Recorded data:
────────────────────

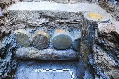 △ 故宫慈宁花园东遗址发现的建筑基址地钉和衬石枋(资料图)
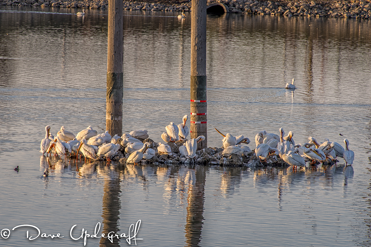 We were blown away with what we saw. Hundreds of pelicans, lots of ducks, blue herons, and coots. I have never seen so many pelicans. They all had this strange growth on their bills. Here’s what I learned with a Google search. “White Pelicans are one of North America’s largest birds and have an 8-9 foot wing span. They are pure white with just black wing tips and a large yellow-orange bill. During breeding season, they have pale yellow crests and a flat rounded horn-like growth on the ridge of their bill. This growth is only found during breeding season and is shed after their eggs have been laid. Immature birds are paler with a gray to flesh colored bill, pale orange legs and a brownish color to the wing tips. They have brownish eyes and have a gray-brown patch on their heads and neck. They resemble adults by their second year. They are larger than the Brown Pelican and males are larger than females.”
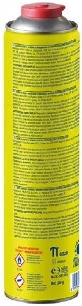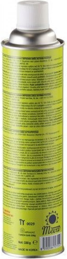 Meva Plynová kartuše na závit 330 g Meva Plynová kartuše na závit 330 g kartuše 330g se závitem 7/16 složení plynu Butan 45% + propan 27% + isobutan 28% rozměry výška 25 cm, průměr 6,5 cm EAN: 8590584575527
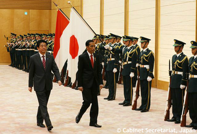 安倍首相とジョコ大統領は、会談後、「海洋と民主主義に支えられた戦略的パートナーシップの更なる強化に向けて」と題した共同声明を発表した。また首相は、夕食会のあいさつでは、「共にアジアを代表する海洋国家、民主国家」というキーワードで、両国のきずなを語っている。
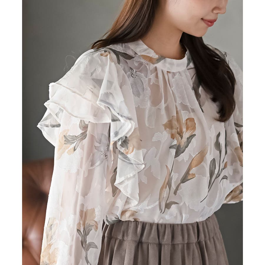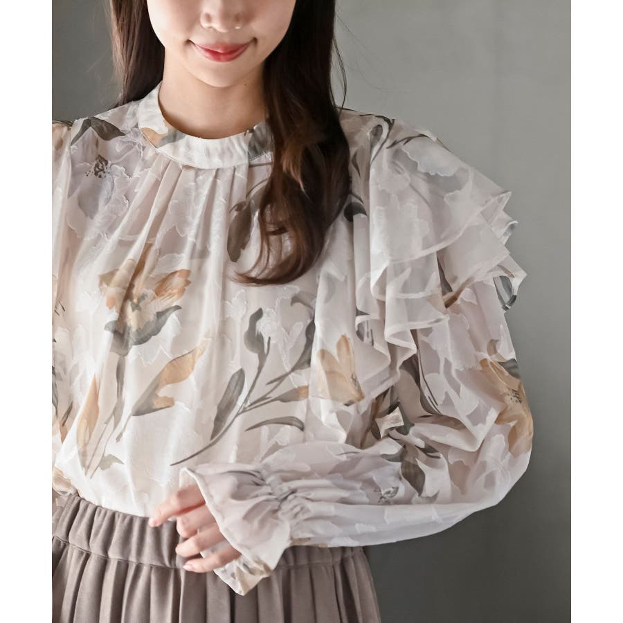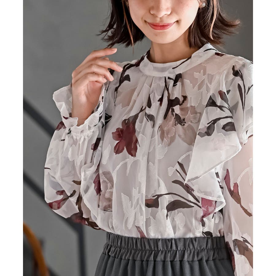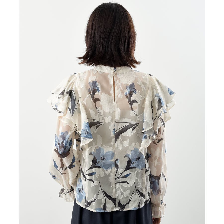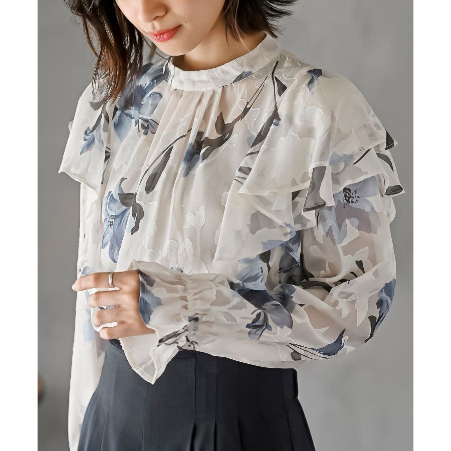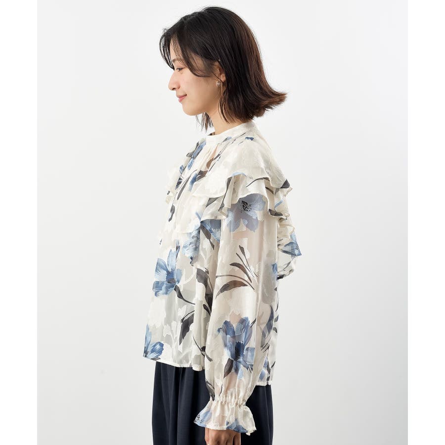 ジャガード花柄フリルブラウス
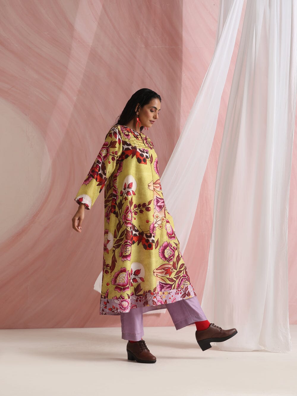 A serene green Chanderi tunic with delicate yoke pleats paired with contrast pants—an effortlessly graceful ensemble that feels as timeless as it looks.

────────────────────

WORK TO BE COMPLETED => Repeat the lines of the records verbatim, starting at the line containing "安倍首相とジョコ大統領は、会" and stopping after the final line. Images stay out.

OUTPUT OF THE EXERCISE =>
 安倍首相とジョコ大統領は、会談後、「海洋と民主主義に支えられた戦略的パートナーシップの更なる強化に向けて」と題した共同声明を発表した。また首相は、夕食会のあいさつでは、「共にアジアを代表する海洋国家、民主国家」というキーワードで、両国のきずなを語っている。
 ジャガード花柄フリルブラウス
 A serene green Chanderi tunic with delicate yoke pleats paired with contrast pants—an effortlessly graceful ensemble that feels as timeless as it looks.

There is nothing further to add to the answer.